Snapshot step — gated (PIPELINE_LOGS_ENABLED=true); a gated-off run prints SKIP_LOGGING_DISABLED and exits 0 (same skip-detection as Step 1):
```
PIPELINE_REPO="$PIPELINE_REPO" PIPELINE_LOGS_ENABLED="$PIPELINE_LOGS_ENABLED" CLAUDE_PROJECT_DIR="$(pwd)" bash "${CLAUDE_PLUGIN_ROOT}/scripts/snapshot-tokenomics-history.sh"
```
It invokes cost-latency-report.sh --emit-day-json (one aggregation path — same dedup / reconcile / pricing / LOC-join substrate) and upserts each day object into .claude/logs/tokenomics-history.jsonl, keyed by date (last-write-wins). Re-running a day overwrites its row, so as lower-bounds reconcile upward (usage_complete flips, totals grow) the stored row grows monotonically; the usage_complete_floor field records whether a day is still a floor. Passthrough flags (--since / --until / --limit / --capture-log / --fixture) forward verbatim to the report. The store resolves to the MAIN worktree (like capture-agent-costs.sh), so a run from a linked worktree still lands in the durable store.

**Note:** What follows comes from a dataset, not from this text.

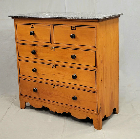 Antique English Pine Dresser With Painted French Line Motif and Marble Top

--emit-day-json (machine mode on the report) — emits one compact JSON object per day over the resolved [--since,--until] window, sorted ascending by date. Schema: {date, n, tokens{input,output,cache_creation,cache_read,total}, per_n{...}, active_loc, per_loc{...|null}, priced_n, cost{...}, cost_per_n, cost_per_loc, usage_complete_floor}. n counts ALL records (priced + unpriced); priced_n excludes model=="". The per-LOC figures are directional, not additive across days (the same issue's LOC can recur under multiple days) — per_loc / cost_per_loc are null for days with no merged-PR LOC join.

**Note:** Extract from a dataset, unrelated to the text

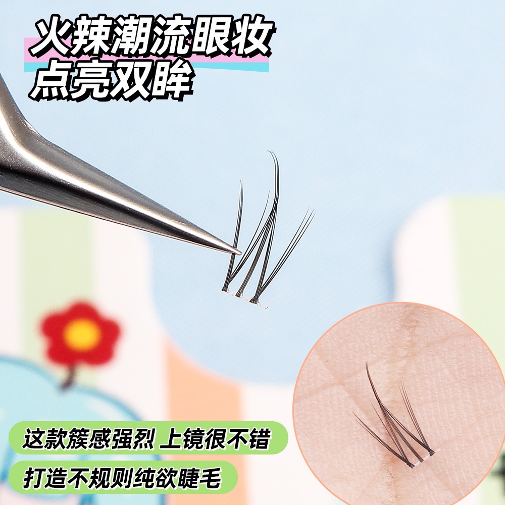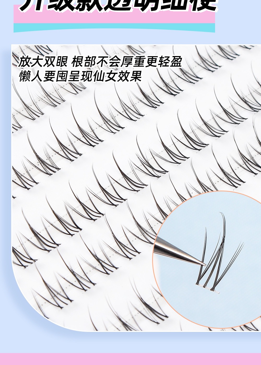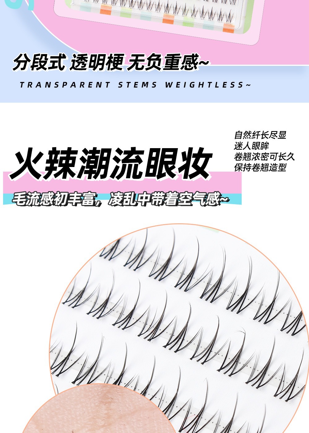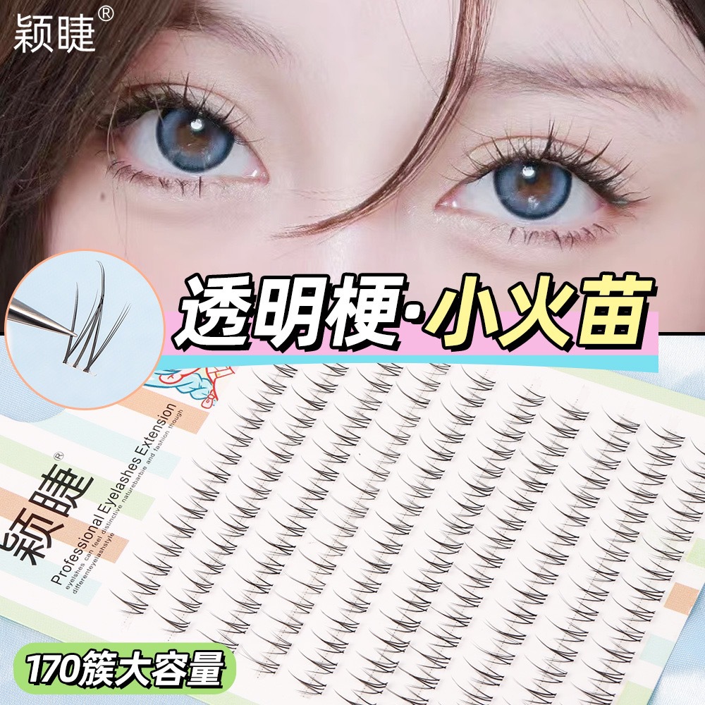 颖睫10排透明梗单簇小火苗自然逼真裸妆素颜假眼睫毛自己嫁接睫毛

--history [PATH] (render mode on the report) — renders a table from the persisted store instead of the live log, for use after the live log is pruned. Reads ONLY the store (no PR join, no gh); an absent/empty store prints an empty-history notice and exits 0. With no PATH, defaults to the resolved .claude/logs/tokenomics-history.jsonl. null per-LOC cells render --.
```
PIPELINE_REPO="$PIPELINE_REPO" PIPELINE_LOGS_ENABLED="$PIPELINE_LOGS_ENABLED" CLAUDE_PROJECT_DIR="$(pwd)" bash "${CLAUDE_PLUGIN_ROOT}/scripts/cost-latency-report.sh" --history
```
Cadence (operator-applied) — recommended to run the snapshot on the operator's host (cron) more frequently than transcript/log retention, so a day is captured before its raw records are pruned. Per CLAUDE.md "Configuration conventions" the live pipeline.config/crontab is host-specific and hand-patched; this script ships the logic, the operator wires the crontab line locally (same pattern as the capture-agent-costs.sh cron). No tracked-file footprint for the cron itself.

Dogfood-only

This skill is dogfood-only by convention. It reads ONLY the PIPELINE_LOGS_ENABLED-gated .claude/logs/agent-costs.jsonl, invokes repo-local scripts via ${CLAUDE_PLUGIN_ROOT}/scripts/, and writes NOTHING to the consumer's .claude/{skills,hooks,scripts,agents}/ or .claude/settings.json (see CLAUDE.md "Namespace discipline"). The .claude/logs/ capture log is the only consumer-owned path touched, and only for reads — it is already on the runtime allow-list.

The name tokenomics was chosen over analyze-usage to avoid colliding with /pipeline:status --analyze.